The invention content is as follows:

the invention aims to overcome the defects in the prior art, and develops and designs an on-line filler dispersity detector to realize the effect of detecting the dispersity of fillers on line in real time.

In order to achieve the purpose, the main structure of the on-line detection machine for the dispersion degree of the filler comprises a shunting extrusion mechanism, a conveyor, an on-line detection mechanism and a base; the shunt extrusion mechanism is connected with the conveyor, the conveyor is connected with the online detection mechanism, and the conveyor and the online detection mechanism are respectively arranged on the base of the cabinet structure capable of sliding.

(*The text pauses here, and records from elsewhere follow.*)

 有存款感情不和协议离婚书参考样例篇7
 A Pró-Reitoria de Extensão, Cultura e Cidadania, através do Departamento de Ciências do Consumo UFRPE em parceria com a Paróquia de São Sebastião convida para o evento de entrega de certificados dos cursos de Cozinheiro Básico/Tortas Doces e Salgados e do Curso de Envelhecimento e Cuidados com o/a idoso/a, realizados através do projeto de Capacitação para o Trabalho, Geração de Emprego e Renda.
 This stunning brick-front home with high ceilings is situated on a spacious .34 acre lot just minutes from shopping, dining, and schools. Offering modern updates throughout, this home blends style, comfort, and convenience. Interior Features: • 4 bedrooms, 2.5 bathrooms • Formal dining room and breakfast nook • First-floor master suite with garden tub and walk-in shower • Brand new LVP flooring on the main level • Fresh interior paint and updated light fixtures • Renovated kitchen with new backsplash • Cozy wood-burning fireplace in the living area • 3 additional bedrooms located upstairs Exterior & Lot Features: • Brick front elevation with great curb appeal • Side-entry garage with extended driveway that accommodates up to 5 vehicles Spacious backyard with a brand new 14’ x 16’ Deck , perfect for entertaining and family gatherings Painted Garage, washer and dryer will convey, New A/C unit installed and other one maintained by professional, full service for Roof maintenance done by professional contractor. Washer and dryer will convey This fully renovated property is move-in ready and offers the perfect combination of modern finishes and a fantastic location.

Compared with the prior art, when the rubber compound on-line detection device is used, most of the final rubber compound enters the main runner for the subsequent processing procedure, and a small part of rubber compound enters the sub-runner for the subsequent on-line detection of the dispersity; the device has a simple structure and is suitable for detecting the filler dispersity of the rubber material on a medium or small scale.

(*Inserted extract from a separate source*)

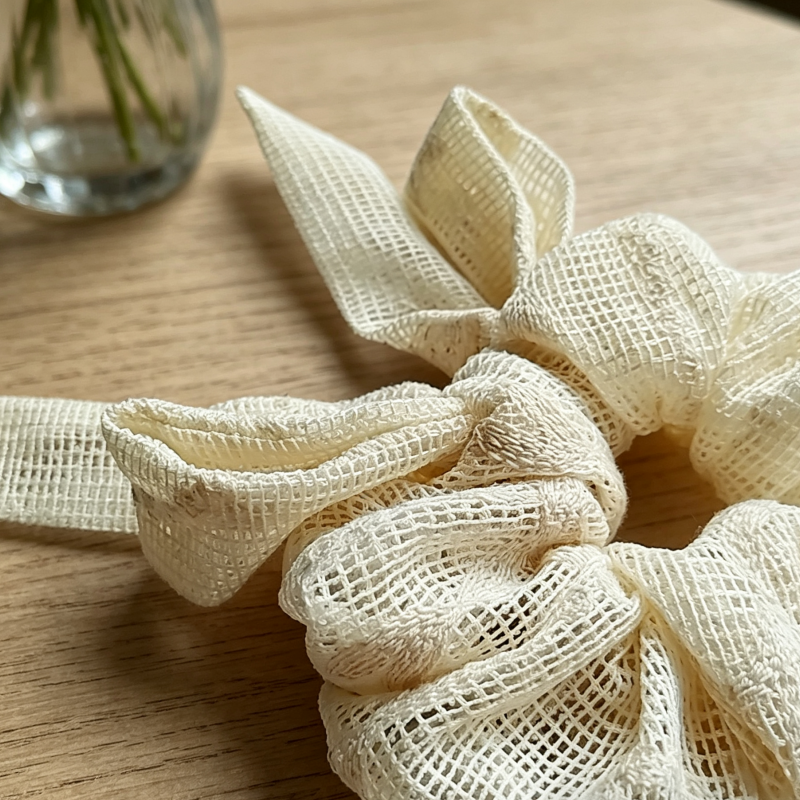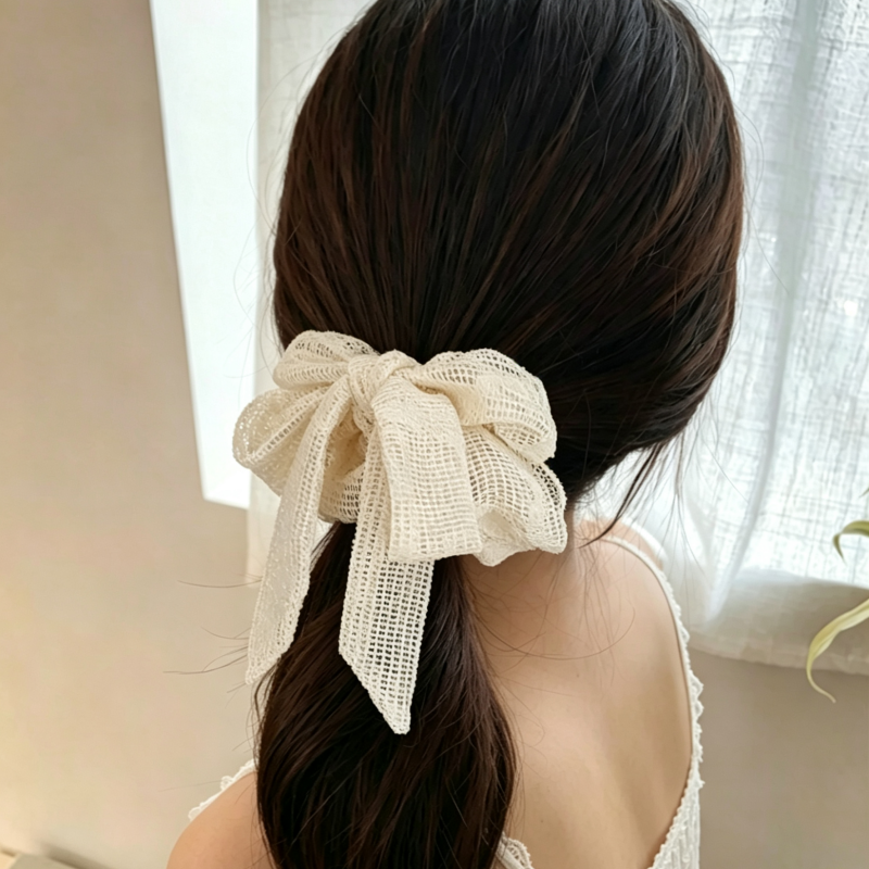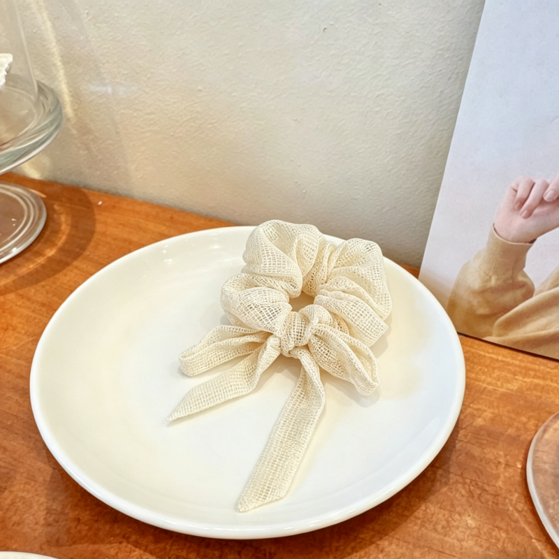 OKBA59557高级感华夫格蕾丝可卸飘带气质韩国蝴蝶结发圈大肠圈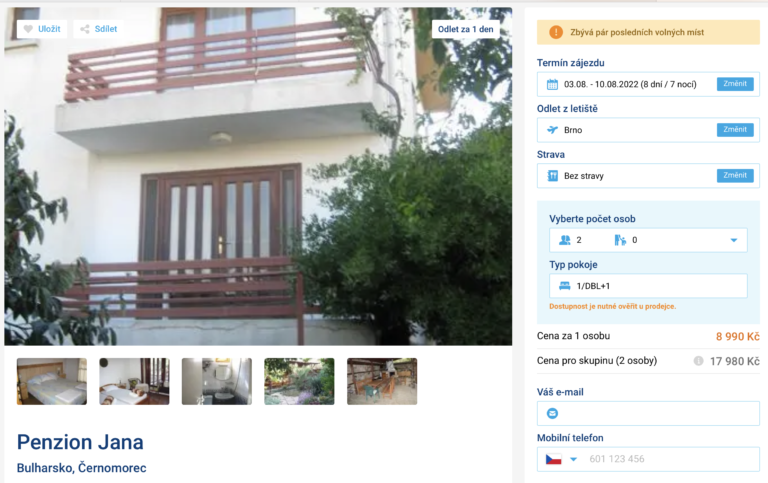 Hledáte dovolenou na poslední chvíli a láká vás Bulharsko? S naším dalším dnešním tipem můžete zítra zamířit do letoviska Černomorec. Oblíbený penzion Jana se nachází asi 5 minut chůze od městské pláže a nabízí příjemnou rodinnou atmosféru. Dovolenou v tomto penzionu můžete aktuálně pořídit za cenu 8 990 Kč. V ceně jsou zahrnuty letenky (odlet z Brna/ Ostravy), letištní transfery v místě, ubytování na 7 nocí a služby delegáta. Před cestou se nezapomeňte inspirovat v našem podrobném průvodci Bulharskem, ve kterém najdete rady pro vaši cestu a tipy na výlety.

Description of the drawings:

fig. 1 is a schematic diagram of the principle of the main structure of the present invention.

FIG. 2 is a schematic diagram of the connection relationship in the use state of the present invention.

Fig. 3 is a schematic structural diagram of a flow dividing extrusion mechanism according to the present invention.

Fig. 4 is a schematic structural diagram of a sprue gate according to the present invention.

Fig. 5 is a schematic view of the detection principle of the online detection mechanism according to the present invention.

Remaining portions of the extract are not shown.